The story of regionalism in American history begins at different times, depending on which view of regionalism is given greater importance. For example, indigenous North American populations developed regionally distinct ways of life associated with different resource bases and forms of social organization. Clearly, distinct culture areas existed before the arrival of European settlers, but speculation about regionalist sentiment makes little sense in light of the strength of tribal identity and the absence of any compelling reason to conceptualize one's place in the world in terms of territorial parts in relation to a whole.
Similarly, in the early
Colonial Era, particular ecological settings and different national and religious identities of European settlers led to distinct culture areas and forms of life within the colonies. These differences were associated with regional identities, however, only after being cast in relation to a spatially more extensive protonational spirit. Differing colonial experiences and the settlement of the western frontier created strong and persistent regional political interests. The unique ways of life that divided the northern and southern colonies and the trans‐Appalachian West, and that set individual colonies apart from one another, helped to shape American politics through the nineteenth century, despite the strong sense of continentalism that dictated the federal government's geopolitical strategies.
The
Civil War was the most violent and destructive expression of these competing sectional interests. The war's decisive military outcome did little to diminish the sense of separateness between the North and the
South, as reflected in the several regionalist movements associated with southern intellectuals in the nineteenth and twentieth centuries. The latter half of the nineteenth century also witnessed a growing sense of the particularity of western political interests. Here, regionalism provided a frame for the economic interests of an industrial, commercial, and urban Northeast; an agricultural and rural South; and a transitional
Middle West, astride a burgeoning industrial belt and rich agricultural lands; and an American
West rich in natural resources and characterized by extensive
agriculture. To the American eye, the nation was a federal union made up of distinct regional societies and cultures. To others, and especially to Europeans, what most characterized American culture was its homogeneity.

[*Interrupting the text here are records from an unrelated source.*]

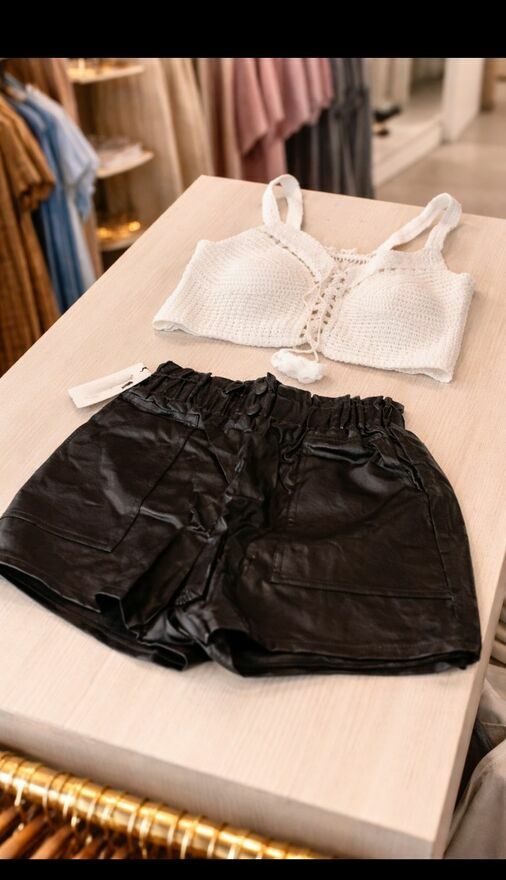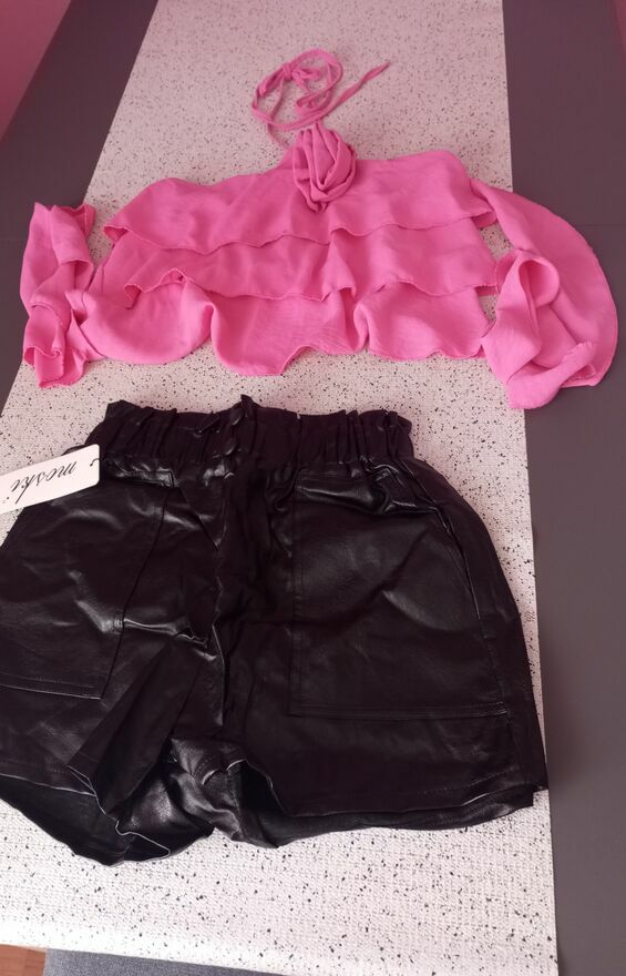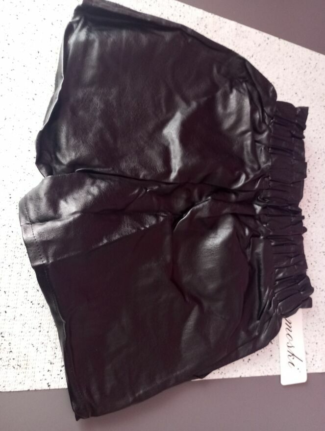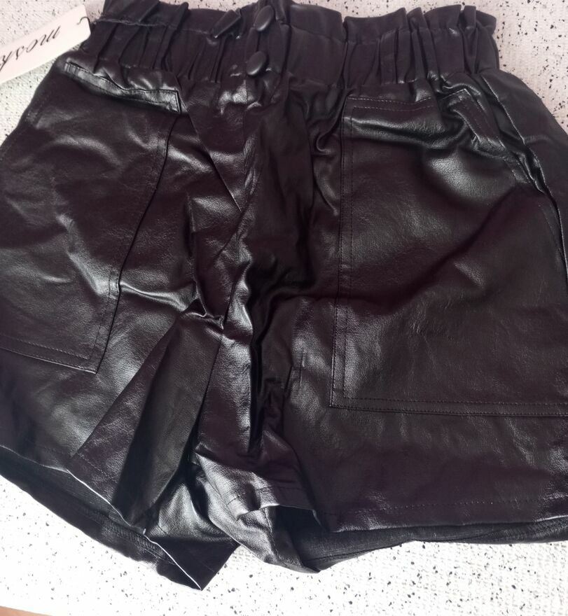 Modne szorty z eko-/skóry. Efektowny fason z wysokim stanem i ozdobnymi guzikami.Stylowe i wygodne. Idealne do botków,kozaków czy obuwii sportowych. Świetnie podkreślają talie pasując zarówno do koszuli,swetra jak i topu. Rozmiary S/M L/XL 2XL/3XL. Wysyłka za pobraniem lub do porozumienia;)Karolina
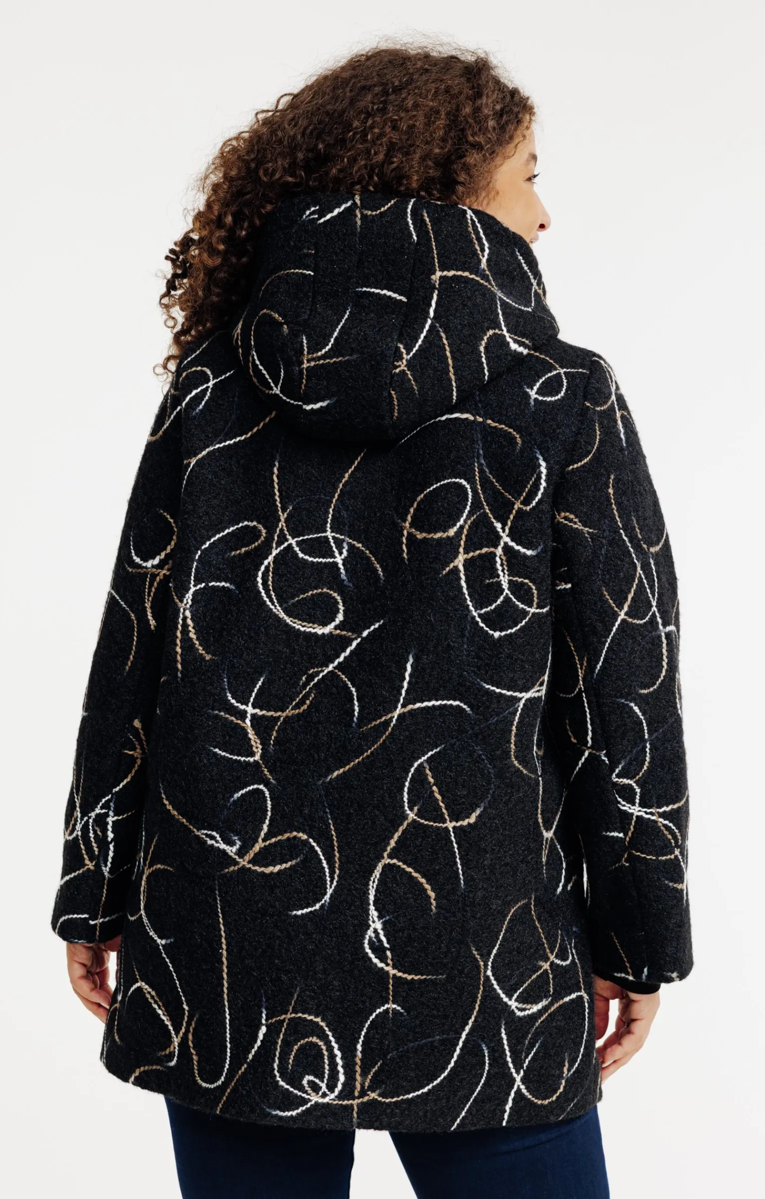 Misez sur l’originalité avec ce manteau imprimé. Manteau à capuche imprimé. Coupe droite. Manches longues à emmanchures droites. Col montant avec capuche. Fermeture boutonnée sur le devant. 2 poches en biais sur le devant. Imprimé fantaisie à motifs façon cordes. Modèle doublé.
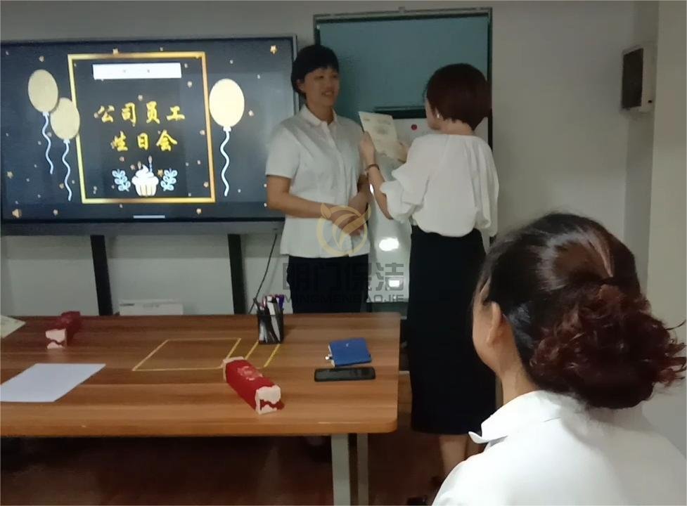 首先,公司领导给寿星,颁发生日贺卡以及礼品,并送上生日的祝福。
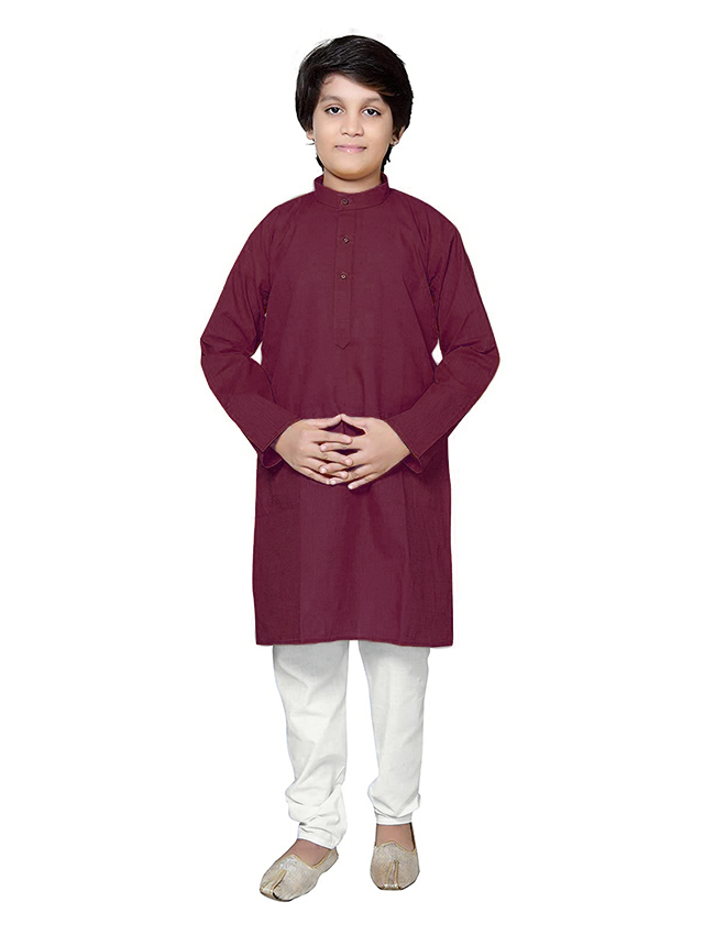 Kids Plain Cotton Kurta Pyjama – Maroon
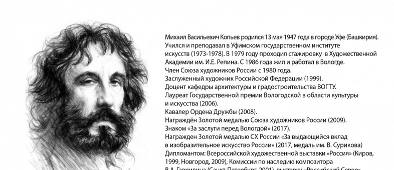 Копьёв Михаил Васильевич - художник яркого и многогранного дарования: живописец, график, карикатурист. Художник работал в жанрах сюжетной и портретной живописи. За свою творческую деятельность им созданы циклы живописных и графических произведений: «Евангельские и духовные сюжеты» (1990-2016), «Посвящение Первой Мировой» (2004-2014), «Современники» (1990-2016).
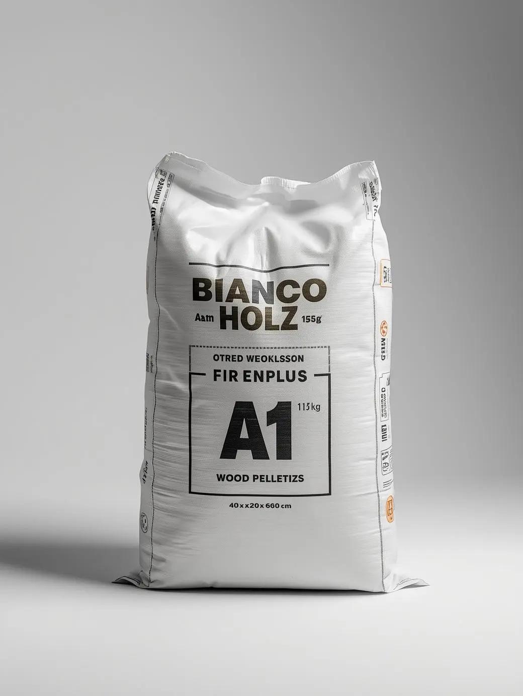 Pellet BIANCO HOLZ in abete 100% scortecciato, certificato ENplus A1. Bancale da 75 sacchi da 15 kg. Alto potere calorifico, ceneri <0,7%, ideale per stufe e caldaie
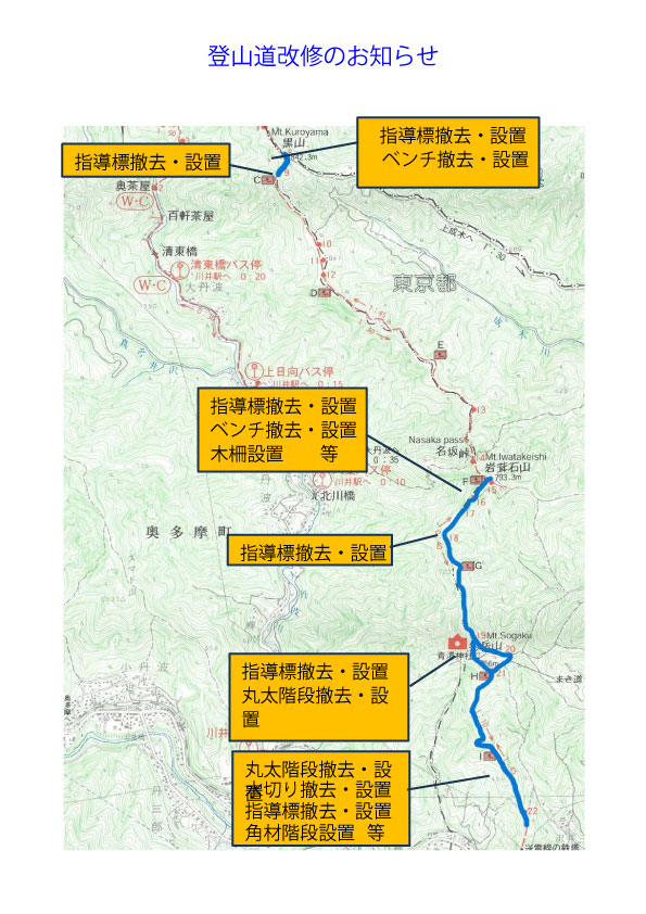 黒山、岩茸石山~惣岳山において、登山コースにあるベンチや丸太階段、指導標の劣化や登山客の安全を考慮し、より快適にご利用していただくための補修工事が行われています。

The importance of regionalism in twentieth‐century American intellectual life varied widely. It also underwent a gradual semantic shift. Once an expression of subnational political interests, it gradually came to refer to antimodernist cultural themes. In this respect, regionalist movements were influential in
painting,
literature, and
architecture, usually as a counterpoint to modernist canons. Regionalist movements in planning, sociology, and human ecology emphasized decentralization and presented the region as an effective antidote to the perceived placelessness of an increasingly urban, corporate, and bureaucratic America. Such diverse American intellectuals as the philosophers Josiah Royce and John
Dewey, the historians Frederick Jackson
Turner and Walter Prescott Webb, and the sociologist Howard Odum and geographer Carl Sauer expressed concern about the loss of regional sentiment in twentieth‐century America. The urbanist Lewis
Mumford championed a relatively unique regionalist vision that he though compatible with
urbanization,
technology, and professional planning.
Many of these writers shared a utopian communitarian vision of an America composed of decentralized democratic polities. Regionalism was thus one defense against the perceived coercion associate with centralization. In fact, however, it has more often been associated with isolation from the mainstream, which explains in part why regionalism as a concept has been more important to folklorists and American Studies specialists than to political scientists, sociologists, and economists. Regionalism has, however, played a role in subdisciplines that focus on social and economic ties between cities and their hinterlands, such as urban sociology or functionalism or regional economies.
The social scientific study of American life has tended to view regional studies, outside of urban regions, as nostalgic and conservative, especially in relation to divisions of social life along class and ethnic lines. This perception changed gradually at the end of the twentieth century, however, as regionalism gained some prominence in postmodernist studies and as attachment to places and regions figured in discussion of modern identities. Environmentalist thought also turned its attention to regionalist themes, as in the concept of bioregionalism and in other attempts to conceptualize the relation of human communities to the natural environment.
See also
Nationalism;
New England;
Social Class;
Social Science;
Utopian and Communitarian Movements.
Bibliography
Howard W. Odum and and Harry Estill Moore , American Regionalism: A Cultural‐Historical Approach to National Integration, 1938.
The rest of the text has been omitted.